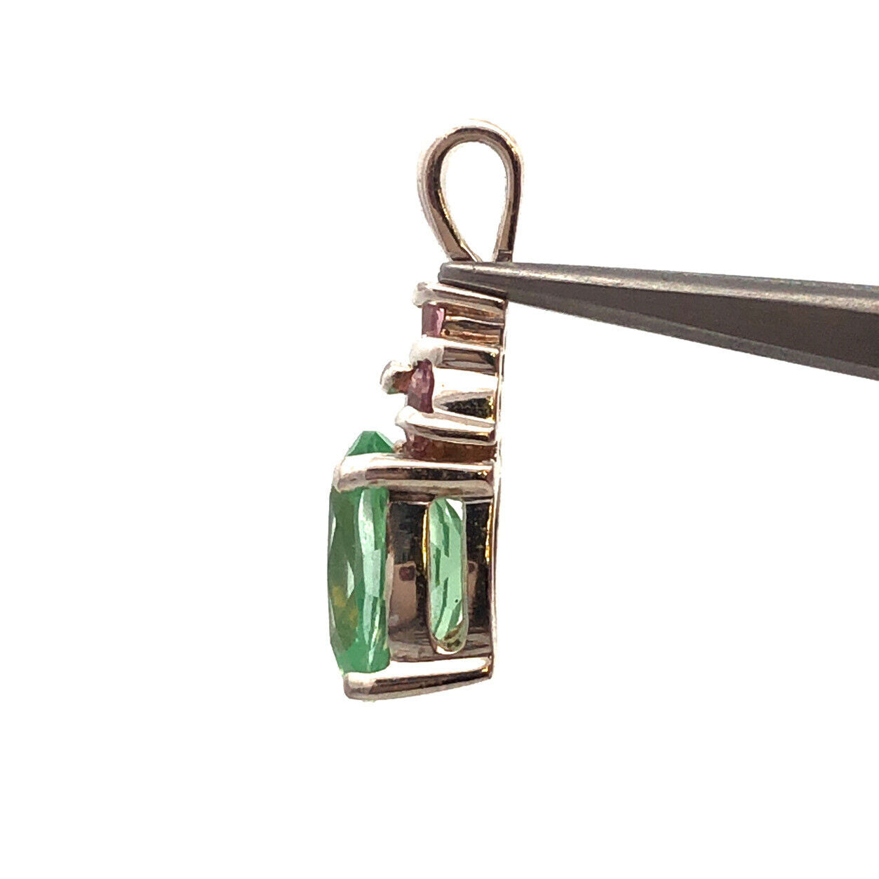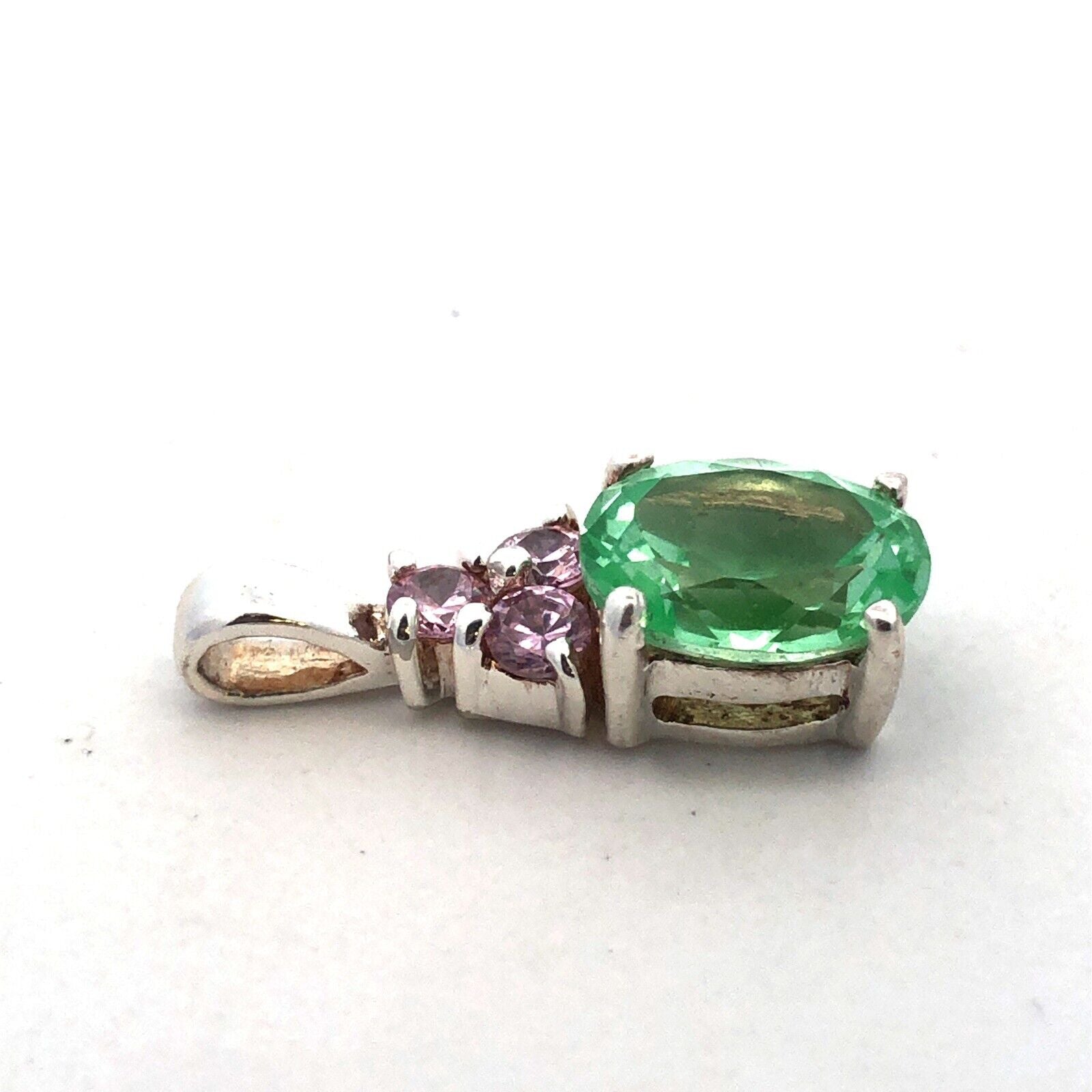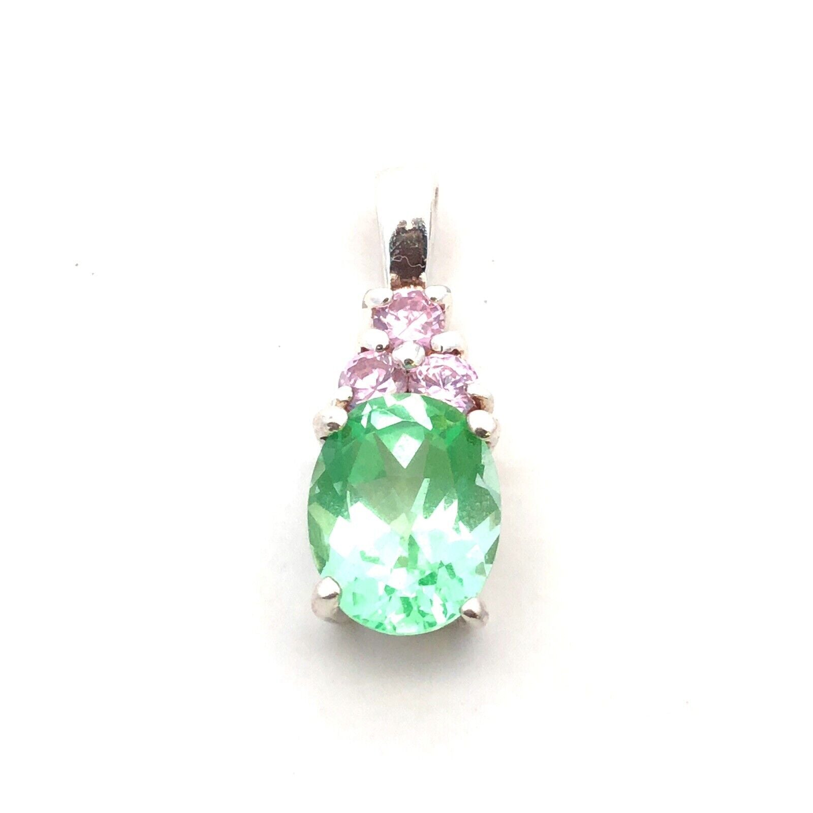 Designer HAN 925 Sterling Silver Oval Aquamarine Round Pink CZ Accent Pendant
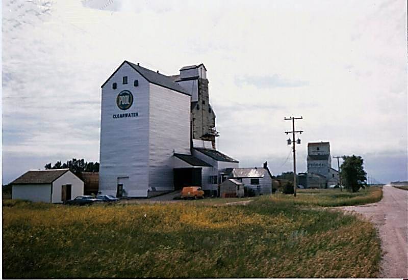 “Taken in the mid. 80’s” CPR/Napinka Sub. mile 21. The two Clearwater elevators., Manitoba Pool and Federal. New siding is being installed on the Pool elevator. View – looking W. Photo Credit – quest – from the collection of Photo Sharing Gallery by PhotoPost.
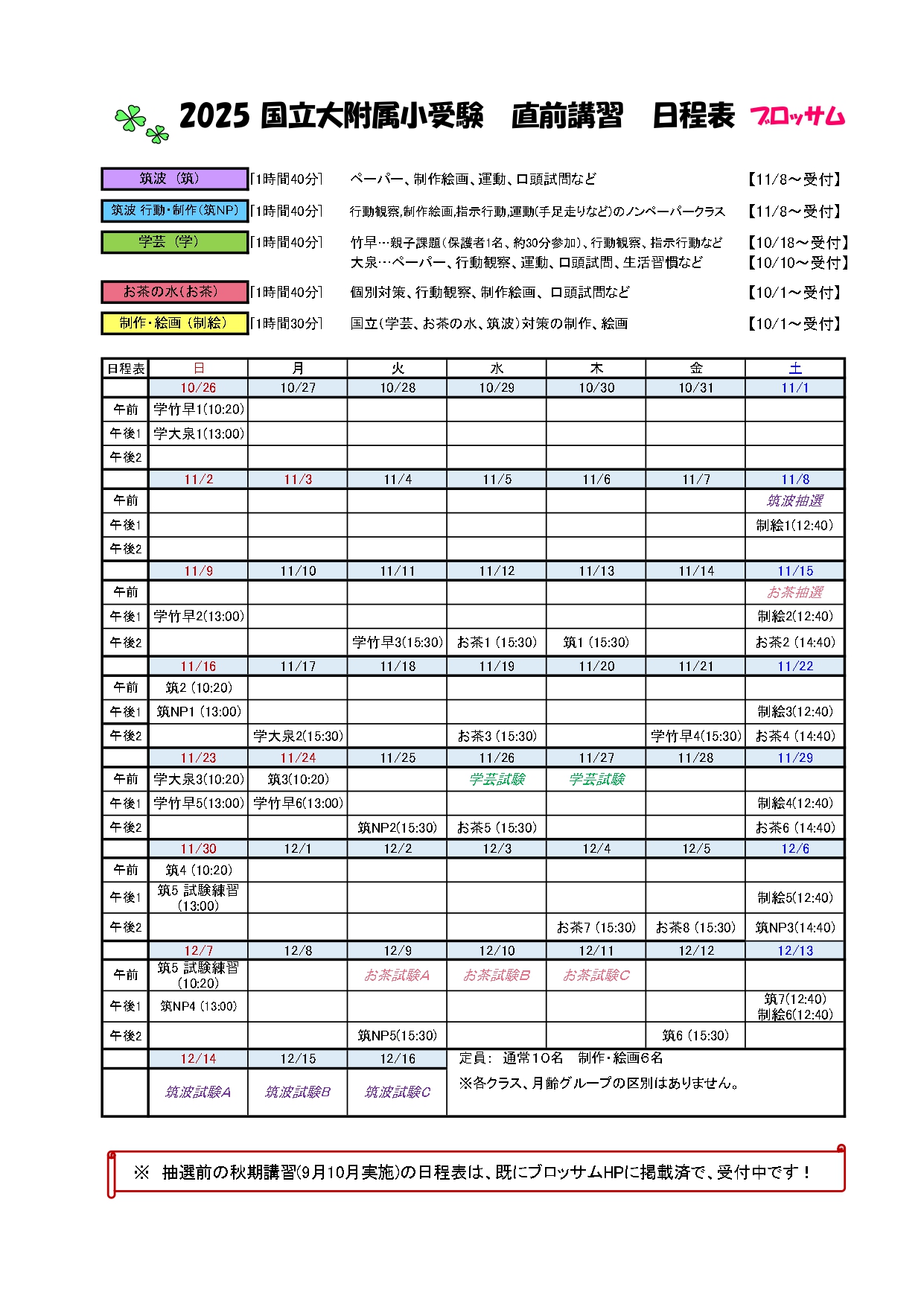 筑波大筑波小学校クラス 11/8~受付ます 筑波教室受付入金者を優先します。お知らせで確認してください。
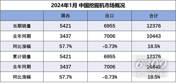 據(jù)中國(guó)工程機(jī)械工業(yè)協(xié)會(huì)對(duì)挖掘機(jī)主要制造企業(yè)統(tǒng)計(jì),2024年1月銷售各類挖掘機(jī)12376臺(tái),同比增長(zhǎng)18.5%,其中國(guó)內(nèi)5421臺(tái),同比增長(zhǎng)57.7%;出口6955臺(tái),同比下降0.73%。2024年1月銷售電動(dòng)挖掘機(jī)12臺(tái)(6噸級(jí)以下1臺(tái),18.5至28.5噸級(jí)11臺(tái))。
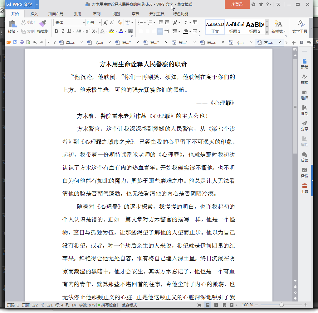 我是有东坡下载站编辑整理的方木用生命诠释人民警察的职责word文档。里面讲述了对作者笔下的方木精神的赞扬,那是一种不畏牺牲,不为 名誉,不为己私,不懈抗争的精神,想了解该精神的的朋友们可以来看看,我们为大家提供免费的下载!
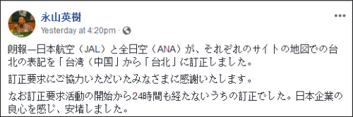 当时他呼吁台民众一起要求日本航空公司把“中国台湾”再改回“台湾”。随后他又发文表示,不到24小时,日航、全日空便将原先标注台湾后方的中国撤除,继续将“台湾”列为“国家”,他“感受到了日本企业的良知”,不仅松了一口气,也感到宽慰,更感谢参与正名请愿运动的每个人。
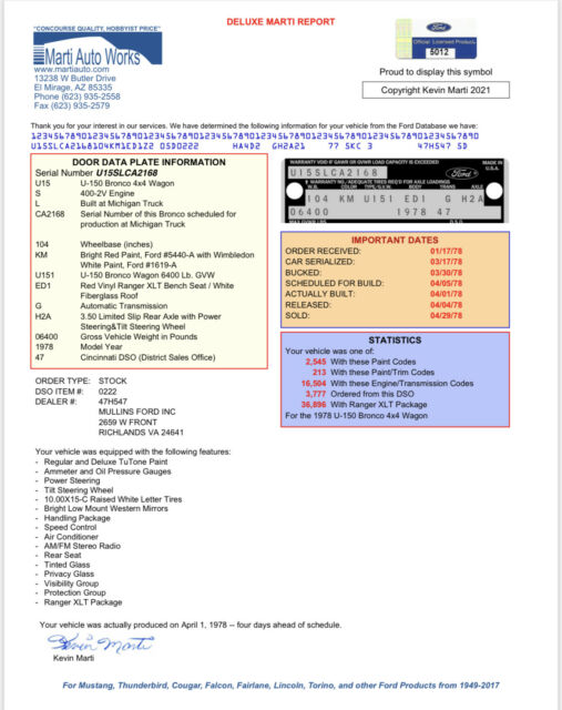1978 Ford Bronco Ranger XLT Frame Up restoration. This is a super rare truck that only 213 were ever produced to this exact specification (verified thru marti report).This truck is the highest package Ford came out with every option. Ranger XLT with heat, Ac and radio. The truck finished it restoration in 2021Engine and transmission have been rebuilt and the engine is bored and cammed. Also has a new distributor. New brake booster and master cylinder. This is the exact colors that it was produced from ford in 1978All interior panels are factory and untouched. The Rear seat is 100% original. I did have the front seats reupholstered In the exact specs it came from ford. I used an Upholestry shop that had the booklet to order from 1978. The carpet was replaced to ford specs.This was a 2 year restoration The entire truck was sanded down to bare metal then primed, 2 base coats and 2 clear coats. I had the frame and axles sandblasted then painted. Everything works as it should.Ac and heat both work and the trucks runs and drives great. It does have a 9inch lift with 37âs on it. This is truly a show truck and you will appreciate it seeing it in person. You can take the truck to any local mechanic at your expense.Do not put in any offer unless you are ready to pay for it right away. 1k non refundable deposit is due within 2 hours if your offer is accepted. I can show you multiple videos and FaceTime you anything you want to see. Call or text with any questions 812-603-8191Have title In hand. Can help with shipping.
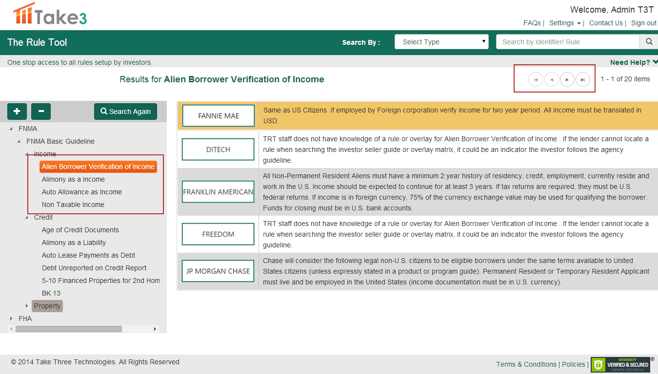 As a result of the myriad of lending industry changes, there has been a substantial increase in the number and diversity of investor overlays with that lenders must check. Meanwhile, you may have lost a loan or lock because you weren’t aware of an investor’s specific requirements. The Rule Tool obliterates that time consuming process of researching and confirming investor overlays one website at a time. With a click of a button, you can quickly match a borrower’s unique situation to various lender rules, thus eliminating unnecessary delays, assuring your lock and delivery will be valid, and increasing your overall productivity.
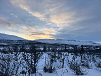 Fantastisk skue med tåken som lå nede i lavlandet, og solbelyste snødekte >>>
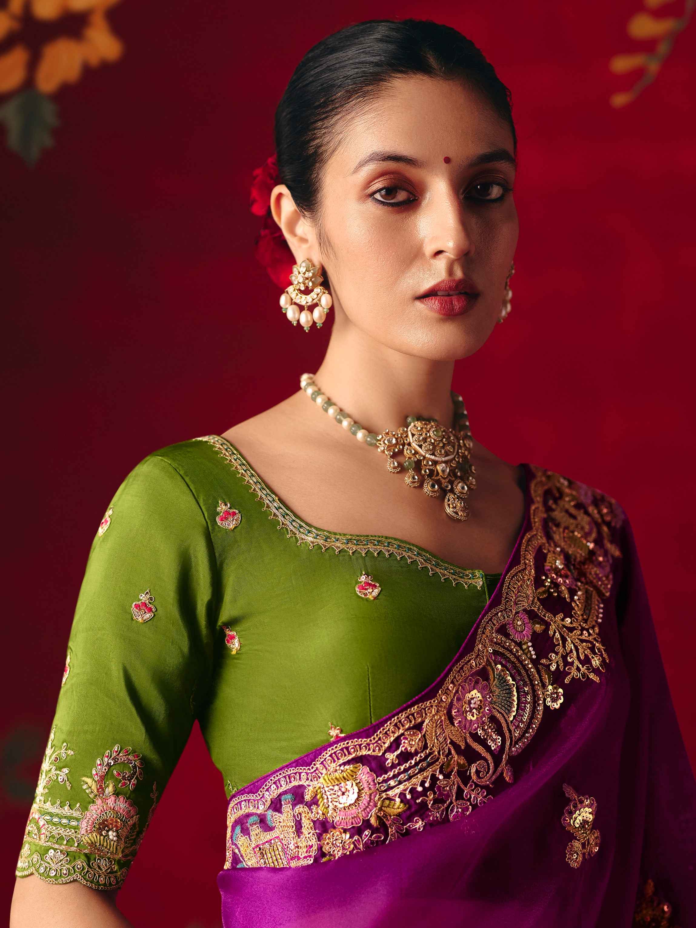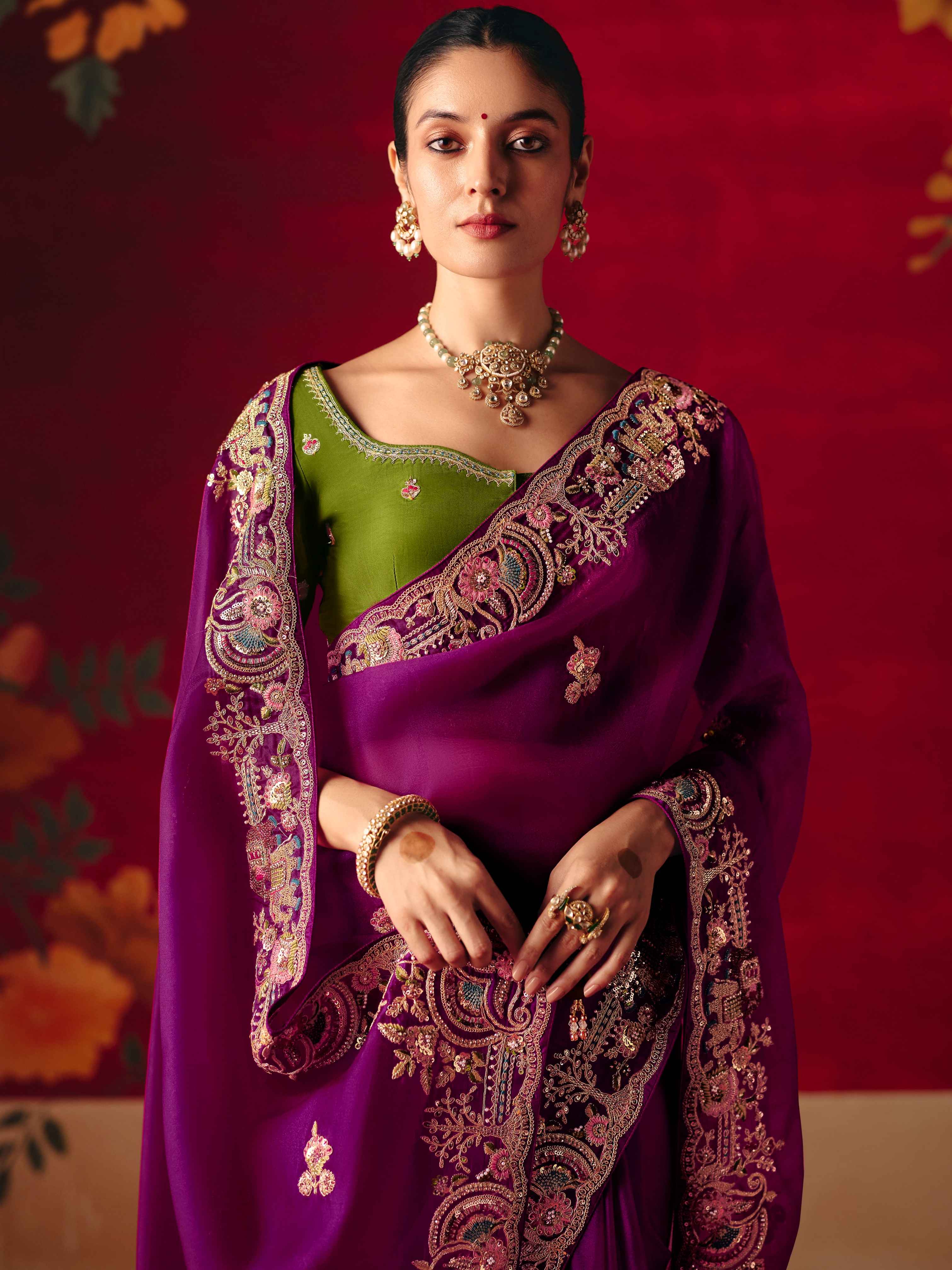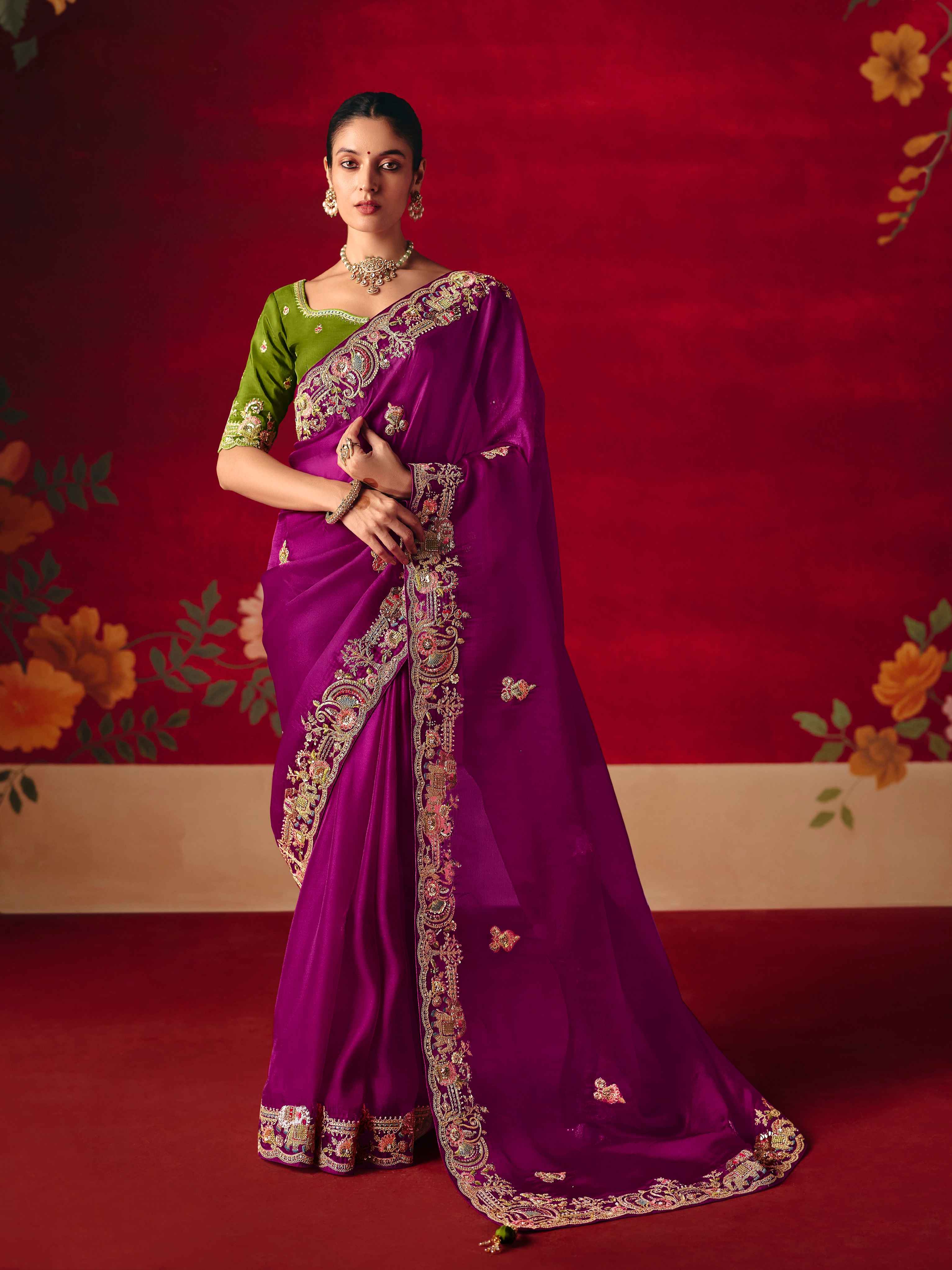 Purple Fancy Saree with Sequins Butti & Embroidered Border
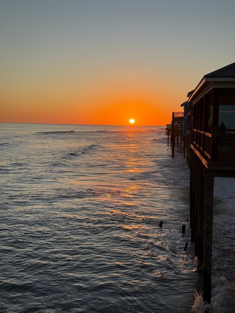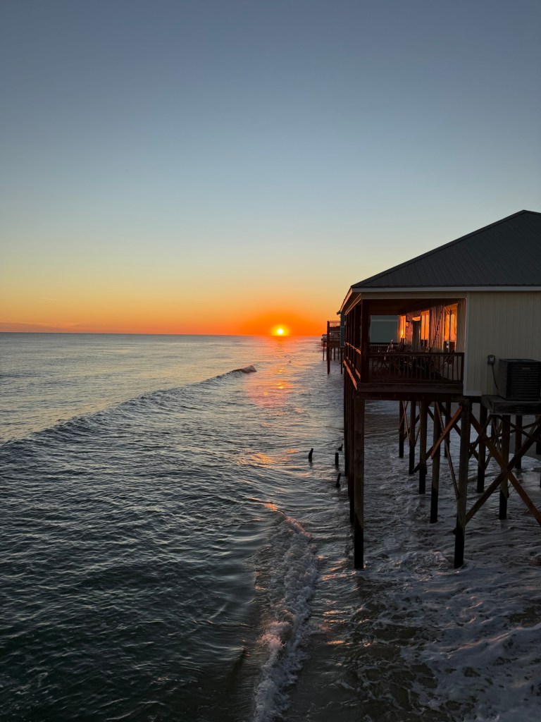 For a back story, my parents and I haven’t taken a trip together since before I got diagnosed. So it was long overdue! It’s hard for me to go with my friends on trips now just because I need help with so many medical needs, and this was exactly what I needed. I was excited to finally get away from our everyday routine! We booked our get-away with a couple of family friends to one of my favorite places called Dauphin Island, AL. It’s a small island outside of Mobile, AL— there’s not much there but a couple places to grab a bite. The houses are basically in the ocean and you have sunsets and sunrises and it’s just picture perfect.
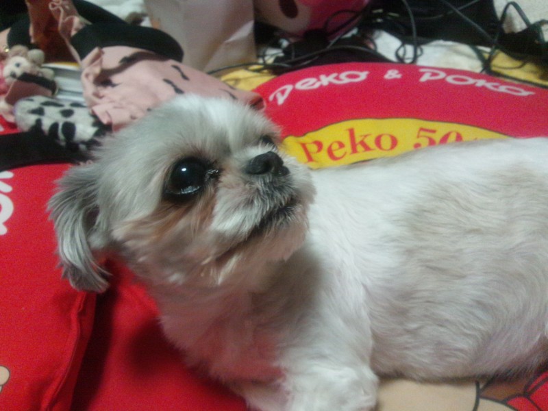 昨日、サッカー観に行って帰ってきたらわんこがいました。(笑)

__What you have to do__.
In the material above, which lines fall between the one holding "当时他呼吁台民众一起要求日本" and the one holding "1978 Ford Bronco", inclusive? Print exactly those, with the pictures left out.

__Solution__.
 当时他呼吁台民众一起要求日本航空公司把“中国台湾”再改回“台湾”。随后他又发文表示,不到24小时,日航、全日空便将原先标注台湾后方的中国撤除,继续将“台湾”列为“国家”,他“感受到了日本企业的良知”,不仅松了一口气,也感到宽慰,更感谢参与正名请愿运动的每个人。
1978 Ford Bronco Ranger XLT Frame Up restoration. This is a super rare truck that only 213 were ever produced to this exact specification (verified thru marti report).This truck is the highest package Ford came out with every option. Ranger XLT with heat, Ac and radio. The truck finished it restoration in 2021Engine and transmission have been rebuilt and the engine is bored and cammed. Also has a new distributor. New brake booster and master cylinder. This is the exact colors that it was produced from ford in 1978All interior panels are factory and untouched. The Rear seat is 100% original. I did have the front seats reupholstered In the exact specs it came from ford. I used an Upholestry shop that had the booklet to order from 1978. The carpet was replaced to ford specs.This was a 2 year restoration The entire truck was sanded down to bare metal then primed, 2 base coats and 2 clear coats. I had the frame and axles sandblasted then painted. Everything works as it should.Ac and heat both work and the trucks runs and drives great. It does have a 9inch lift with 37âs on it. This is truly a show truck and you will appreciate it seeing it in person. You can take the truck to any local mechanic at your expense.Do not put in any offer unless you are ready to pay for it right away. 1k non refundable deposit is due within 2 hours if your offer is accepted. I can show you multiple videos and FaceTime you anything you want to see. Call or text with any questions 812-603-8191Have title In hand. Can help with shipping.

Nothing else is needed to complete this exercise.